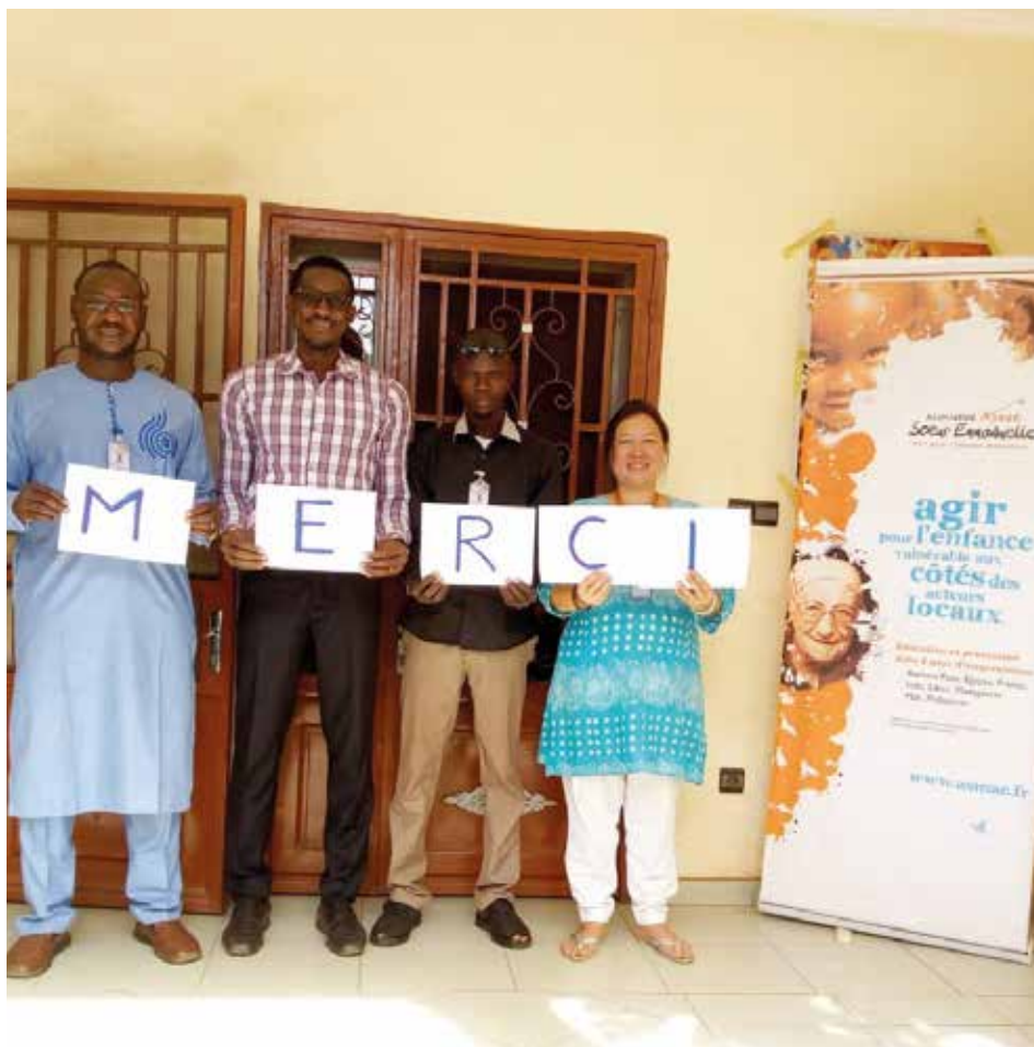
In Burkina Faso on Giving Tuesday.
|---|
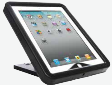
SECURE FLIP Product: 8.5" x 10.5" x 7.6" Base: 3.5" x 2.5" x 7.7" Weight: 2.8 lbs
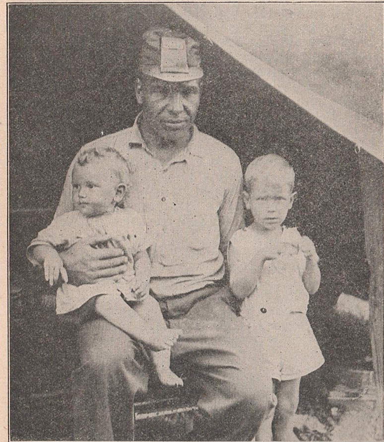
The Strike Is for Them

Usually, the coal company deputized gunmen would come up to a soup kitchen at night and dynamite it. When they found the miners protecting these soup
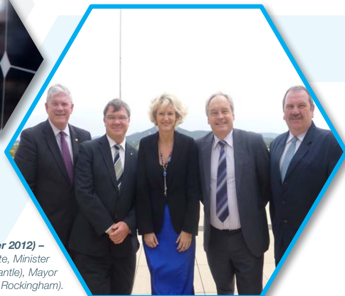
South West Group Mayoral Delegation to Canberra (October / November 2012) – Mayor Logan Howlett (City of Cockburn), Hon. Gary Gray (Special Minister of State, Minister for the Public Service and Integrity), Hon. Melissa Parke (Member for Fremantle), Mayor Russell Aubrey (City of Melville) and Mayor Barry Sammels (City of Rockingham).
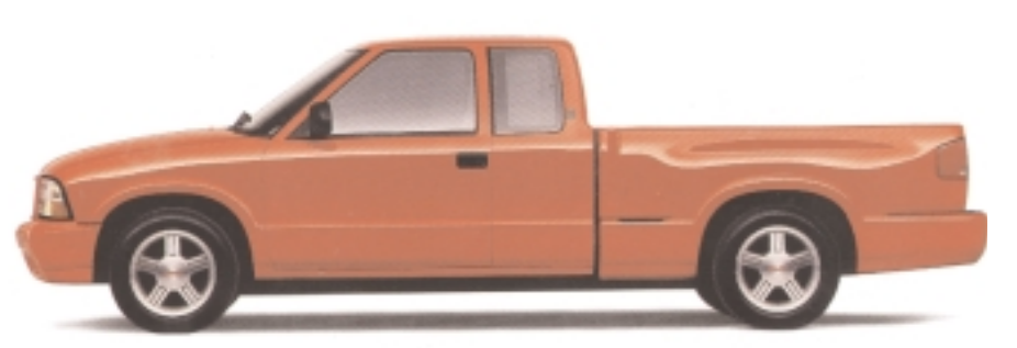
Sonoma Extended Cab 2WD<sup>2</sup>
|---|
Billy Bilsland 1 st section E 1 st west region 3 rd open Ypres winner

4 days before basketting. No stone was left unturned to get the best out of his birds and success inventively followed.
|---|
*Problem*
Skipping the pictures, print the lines in the listing above exactly as written, starting at the line with "Usually, the coal" and ending at the line with "Sonoma Extended Cab 2WD<sup>2</sup>", both included.

*Finished exercise*
Usually, the coal company deputized gunmen would come up to a soup kitchen at night and dynamite it. When they found the miners protecting these soup
South West Group Mayoral Delegation to Canberra (October / November 2012) – Mayor Logan Howlett (City of Cockburn), Hon. Gary Gray (Special Minister of State, Minister for the Public Service and Integrity), Hon. Melissa Parke (Member for Fremantle), Mayor Russell Aubrey (City of Melville) and Mayor Barry Sammels (City of Rockingham).
Sonoma Extended Cab 2WD<sup>2</sup>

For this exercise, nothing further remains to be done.